Literally and figuratively, there are iconoclasts who believe in iconoclasm and iconophiles who oppose iconoclasm6.
CONCERNING the MOTIVES of ICONOCLASTS
Iconoclasm concerns moral outrage. Iconoclasts can be said to be part of the outrage mob. Whether they think of themselves as left or right wing, they are more authoritarian than libertarian in that they presume to impose their will upon others. They seek to destroy public icons that members of the public would rather be preserved. They lack regard for the rights of individuals. Rather than choosing to turn their heads from icons, they instead rob that choice from others.

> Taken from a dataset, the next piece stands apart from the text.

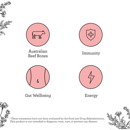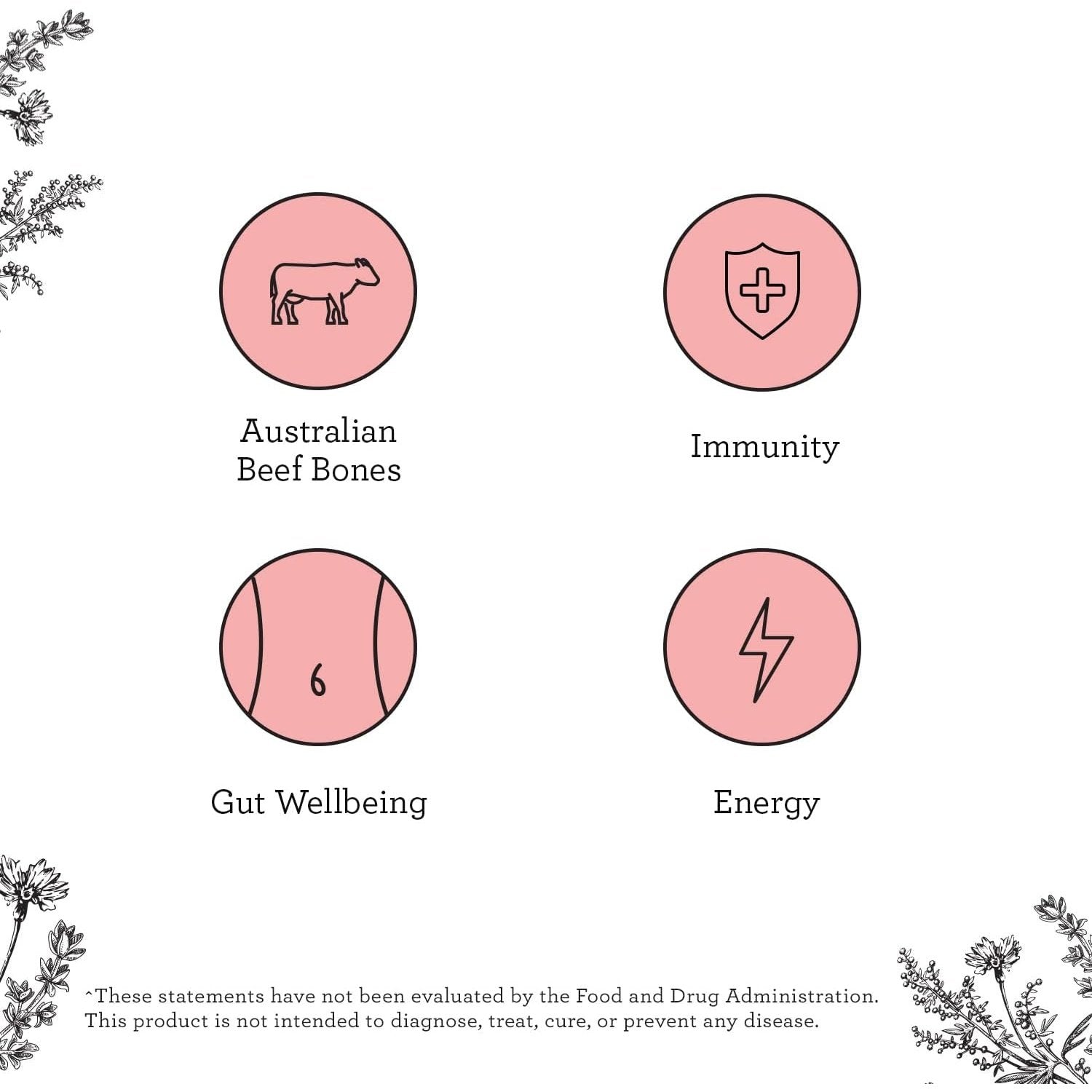 Beef bones are added to filtered water and apple cider vinegar (to maximise nutrient extraction) then slow cooked for over 18 hours. The broth is then strained for impurities and the fat is skimmed off the top. It is gently refractance dried into a powder, taking care to preserve the nutritional profile.

Iconoclasm inevitably involves power, using force against others, against the other.
In the past as in modern times, there tends to be both cloistered academics who profess doctrinal rationalizations for iconoclasm and those on the street willing to engage in the actual acts of iconoclasm; the vandalism and destruction.
However, extensive video content of modern iconoclasts strongly suggests that they are not actually motivated by the moral reasoning of their teachers as much as something more impulsive and savage.
most people who claim to be offended aren’t really offended. They’re just trying to silence you out of a sort of weird display of psychological sadomasochism. They feel - they’re projecting their feelings of worthlessness and impotence on others and trying to make them take knee in the name of broader social movements that they often are not actually part of. So, you know, white person they’re not actually BLM. They don’t benefit from BLM. They understand this. But they’re still going to use BLM to try to brow beat you into castigating yourself as a Nazi and apologizing frequently even if they are a white, upper class, gated community dweller, which they tend to be. It’s mostly a bunch of trust fund college kids.
Let’s look at Harry Potter and we’ll get a great example…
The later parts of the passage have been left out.